Vijaypur also known as Bijeypur is a town located in district Sheopur, Madhya Pradesh, India. This town is a part of the Vijaypur (Vidhan Sabha) constituency and Morena (Lok Sabha) constituency. It is located on the bank of the Kwari River. The town is one of the gateways to the Kuno National Park, the site selected as a second home to the Asiatic Lion and also for cheetah reintroduction in India.

==Transport and Connectivity==

===Road ===
Vijaypur is connected to nearby cities. Regular Bus Services are available to Gwalior, Morena, Sheopur, Shivpuri, Jaipur.

=== Railway ===
The main railway station near the town is Gwalior Junction (GWL) about 130 km, which is well-connected to all parts of the country.

=== Airway ===
The nearest airport is Gwalior Airport (Rajmata Vijaya Raje Scindia Airport), about 130 km from Vijaypur.

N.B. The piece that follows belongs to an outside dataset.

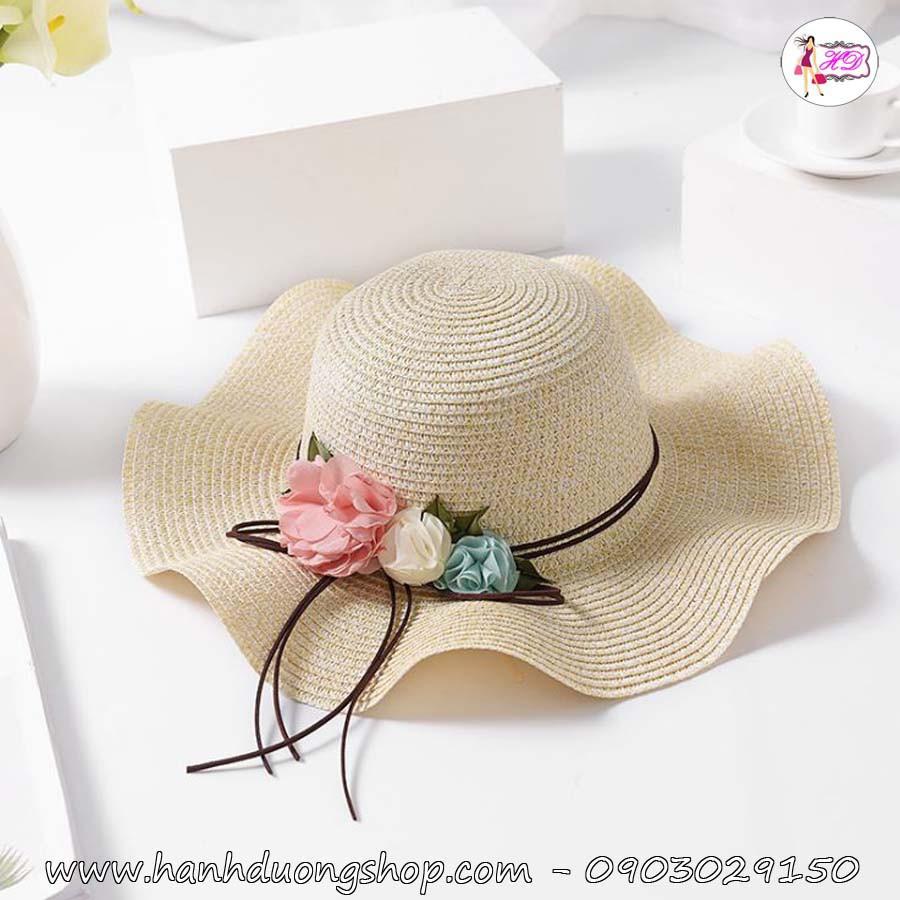 ✨Nón cói bãi biển vành gợn sóng nơ 3 hoa HQC4114

Daily flights to Delhi, Kolkata, Hyderabad, Banglore, and Jammu are available from Gwalior Airport.

==Economy==
Vijaypur is a major market and agricultural producer, selling crops and food to nearby villages. The most common crops in Mandi are mustard seed, gram, wheat, and pearl millet. There are numerous Mustard Oil Mills in the town.

==Healthcare==
Vijaypur has a government hospital with two doctors and a 30-bed facility. It also has a dedicated ambulance service named Janani Express, used to bring pregnant women from rural areas to the facility for delivery.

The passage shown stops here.